ICE Starts Immigration Audit of 1,000 Firms as GOP Pushes E-Verify

As Obama expands employer audits, GOP pushes growth of a database that's wrongly identified tens of thousands of workers as undocumented.

By Julianne Hing Feb 18, 2011

Chipotle was only the beginning. The federal government is expanding its inquiry into 1,000 businesses suspected of employing people who are undocumented, the Wall Street Journal reported yesterday.

This is the largest such audit of employers since a similar operation in 2009. Then, public safety and national security businesses were targeted. The Journal reports that this time, regional food chains are among those getting scrutinized.

Since January of 2009, employers from 3,580 companies have had their employees’ I-9 forms examined against Social Security Administration, State Department and Homeland Security databases to verify worker eligibility, said Immigration and Customs Enforcement spokesperson Kelly Nantel, Bloomberg reported. Those investigations led to $54 million in fines.

Gone are the days of the traumatizing and high-profile workplace raids of the Bush era. Consider these the Obama administration’s newer, quieter and more thorough version, in which employers hand over their files and every potential undocumented immigrant worker gets fired, instead of just the ones who happen to be working a shift when ICE agents show up.

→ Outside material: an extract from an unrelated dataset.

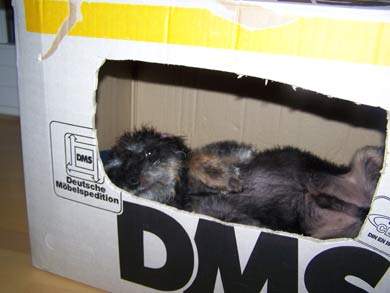 zur Schlafhöhle umgebauten Umzugskarton. Natürlich
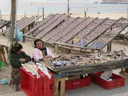 A comer a Nazaré. Ya no es el típico pueblecito de pescadores, sino un enclave turístico. Nos ha abordado una señora para que negociáramos la comida en su restaurante, y al salir me pregunta si yo era la guía del grupo (se ve que me ha visto marimandona), y como tengo la manía de mirar a la cara cuando me hablan, me he percatado demasiado tarde que tenía dinero en la mano para darme una comisión, ¡ya le había contestado que no! La próxima vez miraré el monedero, jejeje.

The administration’s ramped up investigations come amid renewed talk in Congress of expanding the online federal employer database E-verify to make it mandatory for all U.S. businesses. Currently the program is optional, though all federal contractors must use it and some states have made it mandatory, too.

The charge is being led by GOP Reps. Lamar Smith, Elton Gallegly and Steve King, who are pushing to expand a crackdown on immigrant workers under the guise of job protections in tough economic times.

"With 26 million Americans unemployed or underemployed, expanding E-Verify would help open up jobs that they need," said Lamar Smith at a House Immigration Policy and Enforcement Subcommittee hearing on the topic last week.

Critics of E-Verify contend that even with recent improvements the system is laughably flawed. A new report put out by USCIS showed that it’s not uncommon for the system to flag a worker who later turns out to be authorized to work in the country. The rate of these so-called TNCs, or Tentative Nonconfirmations, has gone down in recent years, but it remains a serious problem in the system.

Amy Peck from Immigration Daily broke down this system flaw and the many other problems USCIS found with E-Verify in a recent article. "The impact of erroneous name-related TNCs cannot be ignored. According to USCIS, of 22,512 TNCs resulting from name mismatches in fiscal year 2009, approximately 76 percent, or 17,098, were for citizens, and approximately 24 percent, or 5,414, were for noncitizens," Peck wrote. Peck estimates that if E-Verify were made mandatory for newly hired employees nationwide, about 164,000 U.S. citizens and non-citizens would get wrongly tangled up in immigration proceedings because of the system’s flaws. The system is also unable to accurately spot identity theft or fraud, among myriad other problems. Civil rights groups contend that E-Verify would just add another dysfunctional system to an already broken bureaucracy, and is not a viable job-creation strategy. E-Verify’s many structural problems could result in U.S. citizens actually losing their jobs, the Immigration Policy Center contends.

Labor groups have joined with immigrant rights groups to try to stop the implementation of E-Verify nationwide. They say that the attack on immigrants can’t be gussied up as a jobs issue.

"Consider that members of the immigration subcommittee now purport to use enforcement as a way to secure American jobs," said Marielena Hincapie, executive director of the National Immigration Law Center, on a press call recently. "They are merely interested only in pushing a mass deportation agenda."

"[Gallegly, Smith and King] have consistently voted against Wall Street reforms and foreclosure reform, issues that matter tremendously to workers in today’s economy," said Eliseo Medina, International Treasury Secretary for SEIU. "And now these anti-worker politicians would have us believe that they are promoting the same in order to protect American workers?"

"Making E-Verify mandatory outside of broader reform of our immigration system undermines American jobs and will ultimately impose new burdens on our economy, workers, and businesses," wrote National Immigration Law Center’s policy director, Tyler Moran, in testimony submitted to Congress.

In the meantime, the government is already combing through employers’ records to investigate the immigration status of thousands of employees.